Cash Flow High, Cash Flow Low

Updated June 1, 2022

A long time ago when I was first starting out in my career, an entrepreneur friend of mine told me about cash flow. “Cash flow is both your friend and your enemy,” he said. “It’s the angry gorilla at the door one day, then a beautiful spring morning the next.” At the time I was too novice and full of my own ambitions to really appreciate what he was saying.  Since then I’ve grown up a little and faced the challenges myself of how cash flow swings can make or ruin your day. Eventually I came to understand that if you don’t have a good handle on your cash flow in business, you’re in deep trouble.

Project Cash Flow

So, what does cash flow really mean? It seems so obvious on the surface: you have income and expenses, and cash flow is simply the intersection of the two.  While this is fundamentally true, it’s a bit more complicated than that. Put simply, it’s the term used to define the highs and lows of available money as it flows in and out of a business or project (Wikipedia has a good description of cash flow). The big challenge with cash flow, however, is knowing when it’s going to be high and when it’s going to be low. It’s rare that there is a uniform, predictable ebb and flow of cash in any business, so having good information and tools to be able to calculate when those winters and summers are likely going to be, is crucial.

This is especially true of project-based organizations.  When a contractor executes on a project, they will incur costs throughout the project and get reimbursed at certain milestones or billing cycles. There may even be times when there is a heavy upfront investment in materials or equipment, for example, that can take weeks or months to be fully reimbursed for – even if there’s an advance payment from the client.  Even just covering payroll until receiving payments on invoices can send a company in the red for months into a project before breaking even.  On top of that, having multiple projects on the go at the same time can further complicate the visibility into the overall corporate cash flow picture. Having a good read on how & when the money coming in from one project can help pay for the money going out on another project, can make or break a cash position.

Using Debt to Compensate for Cash Flow

When bidding on projects, there can be an amount of uncertainty that project managers and business owners struggle with if they’re not 100% confident they can actually afford to execute on that project until being fully reimbursed. This is such a common problem, that there has been an explosion of private debt financing companies that have emerged to offer a cushion to these project-businesses while they weather those uncertain days.  Securing debt financing can obviously be a saviour for many businesses, but when taking advantage of a service like that, it’s critical for a business to have a solid handle on their current and historical cash flow so that they can: a) get a favorable rate and b) they can be sure it can be paid back while still being profitable.  An even bigger question is, maybe they didn’t need financing in the first place. Many businesses get stuck in the rut of becoming too reliant on debt because they’re just not sure if they can cover the costs. And they’re not sure because they don’t have a good handle on their cash flow.
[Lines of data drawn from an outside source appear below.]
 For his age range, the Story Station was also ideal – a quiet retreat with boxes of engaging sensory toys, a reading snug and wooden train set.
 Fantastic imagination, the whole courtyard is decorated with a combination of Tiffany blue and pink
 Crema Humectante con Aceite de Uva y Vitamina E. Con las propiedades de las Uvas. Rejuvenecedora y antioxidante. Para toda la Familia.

Project Cash Flow Forecasts

As a project cost management software solution, 4castplus has been designed to represent all project finances in terms of how they flow in and out of the project.  It is intrinsically built around cash flow. This includes all revenue and expenses, which can be accounts payable, accounts receivable, payroll, budgets, forecasts, progress, etc.  Fundamental to any project controls software, 4castplus merges the project budget with the project schedule, as a default behavior, to visualize the budget over a timeline.  

Project Cash Flow

Further to this, users can override the underlying schedule by applying “Time Phasing” algorithms to any workpackage, resource or collection of resources. Time phasing is the process of planning any item’s cost according to its anticipated cash flow. For example, if a subcontractor is going to be paid in 4 unequal milestones, with 60-day payment terms; that can be represented in the spend forecast through time-phasing. This would override the default prorated, linear spend forecast derived from the schedule.
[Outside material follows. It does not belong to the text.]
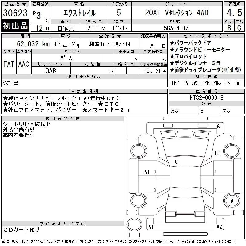 Nissan X-TRAIL с аукциона Японии CAA Chubu лот № 30623
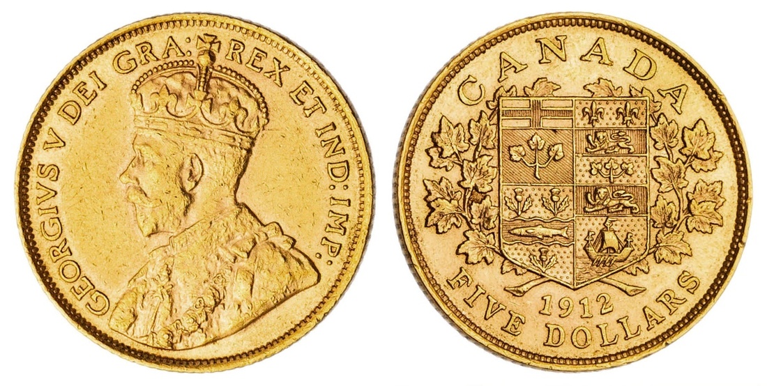 Canada. George V (1910-1936). 5 Dollars, 1912. Crowned bust left, rev. Arms within wreath. KM 26. Extremely Fine.

The chart in figure 1 below shows a project budget curve (in blue) alongside the actual cost (yellow) and estimate to complete (green). By providing visibility into the budgeted cash flow compared with the actual cost, users can get a clear picture of how the projected spend will play out. 4castplus also provides accounts receivable cash flow to visualize the intersection of cost and revenue to forecast a cash flow picture, giving the ability to anticipate where the project’s cash position is going to be at certain points in the future.
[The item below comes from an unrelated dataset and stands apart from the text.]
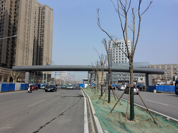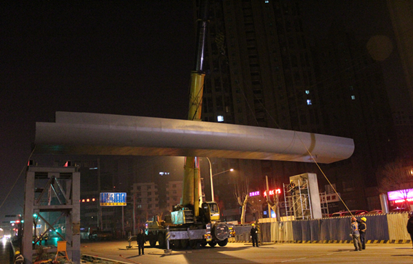 濟(jì)南市市政工程有限公司承建的緯十二路人行天橋工程包含兩座天橋,分別位于經(jīng)二路南側(cè)和經(jīng)五路南側(cè),均橫跨緯十二路。天橋兩側(cè)緊臨普通公交站臺,中間與BRT站臺相接,橋梁上部結(jié)構(gòu)采用鋼箱梁,橋梁全長60米,寬4米,共3跨,下部結(jié)構(gòu)采用鋼板墩,共設(shè)置5處步梯及3部垂直升降電梯,梯道寬2.5米。3月16日晚至3月17日凌晨,濟(jì)南市市政工程有限公司項目部進(jìn)行經(jīng)五路南側(cè)人行天橋主箱梁吊裝施工。

Project spend forecast with budget, actual and etc
4castplus project spend forecast with budget, actual and estimate to complete

Anticipate Cash Position

That ability to anticipate – to foresee when the highs and lows are going to appear, along with how high and how low they’re going to be – is one of the most vital financial tools a company could possess. This is of course coupled with the solid financial metrics on where the project is at now, and where it’s trended historically. These 3-tiers of cash flow reporting provide a clear picture of a well-run organization.